Türkiye’nin otomobili TOGG’un fabrikasında ilk otomobilin banttan inişiyle üretimin resmen başlaması gerçekleşti…
Özellikle ailecek bu tarihi ana şahitlik yapmak için törene gittik…
Lakin törenin halka açık olmadığını davetlilerin katılabileceğini öğrenince büyük bir hayal kırıklığıyla döndük…
Türkiye’nin otomobili Türkiye’den ve hatta yurt dışından gelenlerin giremediği bir tören ile değil isteyen herkesin girebileceği bir tören ile kullanmalıydı…
Binlerce aracın ve vatandaşımızın fabrika önünde bekletilmesi hoş olmadı…
İnşallah satışının başladığında yapılacak törende bu heyecanı halkın yaşamasına de izin verilir…
Buradaki eksiklik ve hatayı not düşüp asıl meseleye geçelim…
Sevinmeyi beceremediğimizin bir göstergesi oldu yine TOGG…

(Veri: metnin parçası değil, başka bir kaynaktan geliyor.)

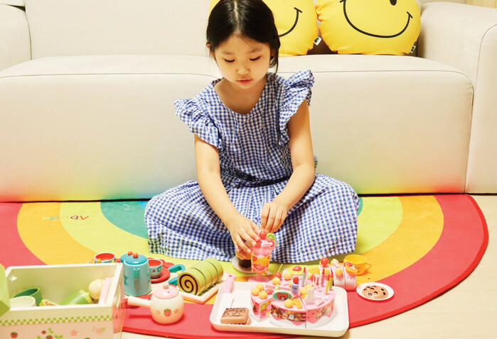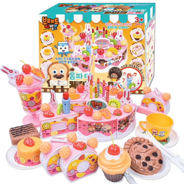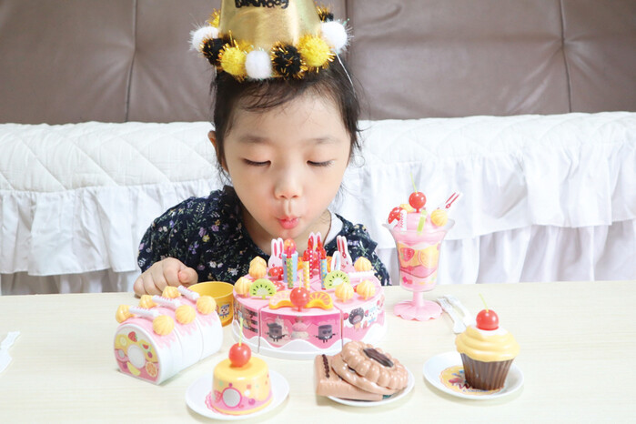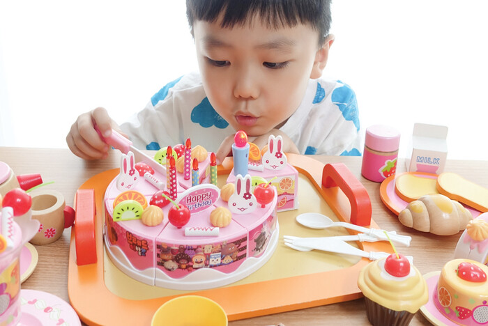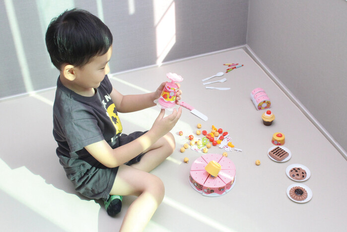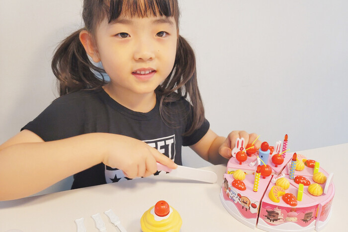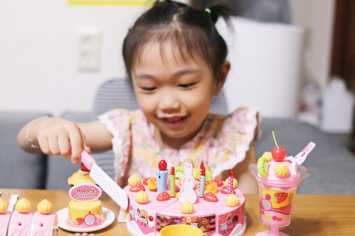 아이가 촛불을 끄고 케이크를 자르거나 디저트 음식을 접시에 나눠 담는 소꿉놀이에 푹 빠졌어요. 여러 토핑 모형으로 케이크를 예쁘게 꾸미는 재미가 쏠쏠해요.

Bakın eksiklik, hataların söylenmesi ve gelecek için uyarılması ilk girişte yaptığım gibi normaldir, lakin yatırımı görmezden gelmek, karalamak ve yok saymak ne insanlığa ne de vatan sevgisiyle bağdaşır…
Yaklaşık 60 yıl önce yaşanan Devrim otomobili mücadelesini bilip de gururlanmamak ve gerçekleşemediği için hayıflanmamak neyse TOGG otomobilinin banttan iniş töreninde heyecanlanmamak, sevinmemek,
“Yerli değil… Parçaları başka ülkeden” diyerek kulp takmak da odur…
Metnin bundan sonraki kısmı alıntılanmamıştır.